Fintech giant Ant Group is facing growing Chinese pressure over potential risks in its online lending business, with co-founder Jack Ma and other executives summoned to an unusual meeting with regulators just ahead of its record-breaking IPO this week.
The firm’s Alipay platform has helped revolutionize commerce and personal finance in China, with consumers using the smartphone app to pay for everything from meals to groceries and travel tickets.
But Ant Group, which has more than 700 million monthly active users, has also caused concern in China’s state-controlled finance sector by venturing into personal and consumer lending, wealth management and insurance.
Regulators and state media have recently issued a number of warnings about potential financial instability that could result from Ant Group’s rapid growth, suggesting official unease as the company prepares to list in Shanghai and Hong Kong on Thursday in the biggest IPO in history.
Ma, Ant Group chairman Eric Jing and chief executive Simon Hu were summoned Monday to meet representatives of the central bank, the country’s banking and securities regulators and the foreign exchange watchdog, according to a government statement.
It said only that they had “regulatory talks,” but described the discussions with a Chinese term used when someone is summoned for a dressing-down.
It follows new state regulations to contain potential risks in China’s growing online lending industry, a sector Ant Group has aggressively moved into.
It remains to be seen how much impact the pressure may have on the share issue, which has global investors salivating.
“Regulatory risks are the biggest risk factor for Ant Group,” Kevin Kwek, an analyst at Sanford C. Bernstein, said in a note, according to Bloomberg News.

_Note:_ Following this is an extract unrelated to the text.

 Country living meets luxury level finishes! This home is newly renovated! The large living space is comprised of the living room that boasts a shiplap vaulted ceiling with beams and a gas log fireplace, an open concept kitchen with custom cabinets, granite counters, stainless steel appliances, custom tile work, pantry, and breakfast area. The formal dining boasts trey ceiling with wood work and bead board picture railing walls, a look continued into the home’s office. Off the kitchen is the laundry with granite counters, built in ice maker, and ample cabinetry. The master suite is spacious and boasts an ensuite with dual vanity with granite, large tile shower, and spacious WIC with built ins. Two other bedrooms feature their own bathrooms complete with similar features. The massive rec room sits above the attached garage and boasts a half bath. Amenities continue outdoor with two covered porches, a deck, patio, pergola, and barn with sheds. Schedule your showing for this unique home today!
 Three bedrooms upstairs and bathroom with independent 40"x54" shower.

“We think the news will only be incrementally negative to the listing and believe most investors will remain optimistic on Ant’s positive long-term prospects.”

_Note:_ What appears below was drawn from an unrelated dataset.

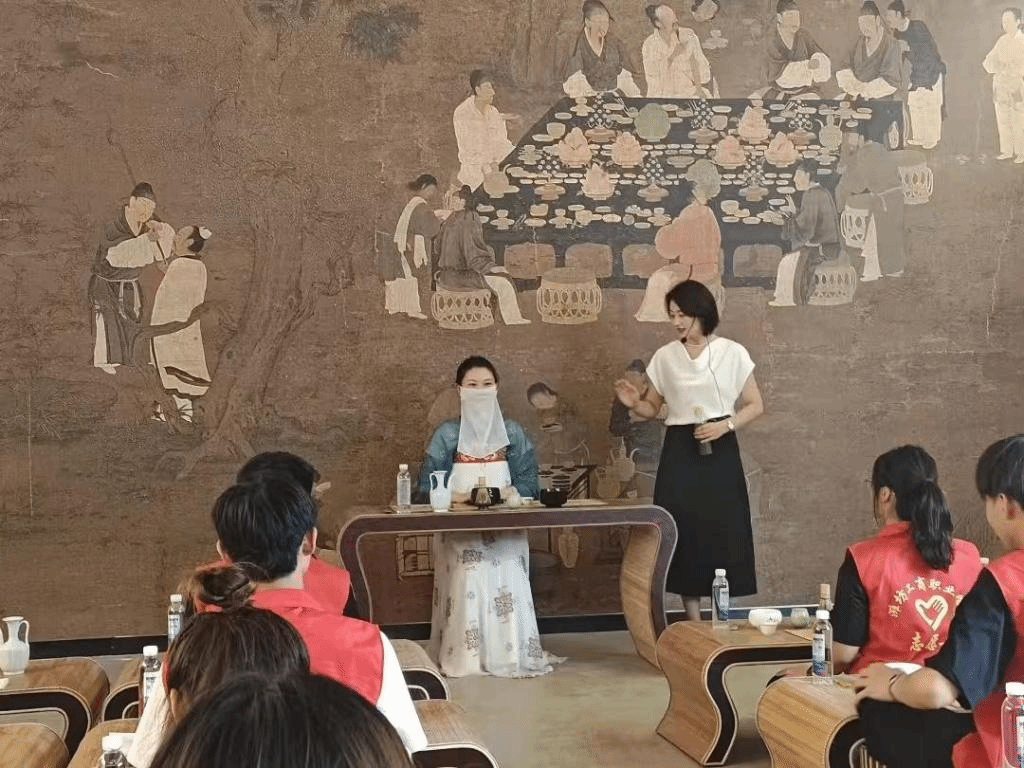 除了实践学习,茶艺师带领志愿者们体验如何制作茶。从采摘新鲜的茶叶到研磨成细腻的粉末,每一个步骤都充满了乐趣和挑战。

Ma, one of China’s richest and most powerful business figures as well as Ant Group’s controlling shareholder, has also faced state media criticism for comments in late October in which he boasted of the size of the IPO and appeared to criticize regulators for stifling fintech innovation.
An Ant Group statement on the meeting with regulators said “views regarding the health and stability of the financial sector were exchanged,” but otherwise gave few details.

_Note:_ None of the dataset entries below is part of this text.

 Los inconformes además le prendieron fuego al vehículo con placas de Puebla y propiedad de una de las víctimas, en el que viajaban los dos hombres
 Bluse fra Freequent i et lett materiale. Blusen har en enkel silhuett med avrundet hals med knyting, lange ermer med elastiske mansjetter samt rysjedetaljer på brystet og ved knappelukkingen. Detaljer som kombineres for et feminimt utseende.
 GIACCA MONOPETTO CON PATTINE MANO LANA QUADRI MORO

“Ant Group is committed to implementing the meeting opinions in depth,” the statement said.
A Sunday commentary in the state-controlled Financial News warned of internet giants like Ant Group getting too big, saying any resulting systemic problems “will lead to serious risk contagion.”
Other commentaries have urged tighter regulation of Ant Group’s online lending.
The share sale is set to exceed US$34 billion, beating the $29 billion chalked up by previous record-holder Saudi Aramco last December.
Beijing has called on national flagships of the tech sector to list on domestic stock exchanges rather than fundraise in the US, in a period of sharp economic and political rivalry.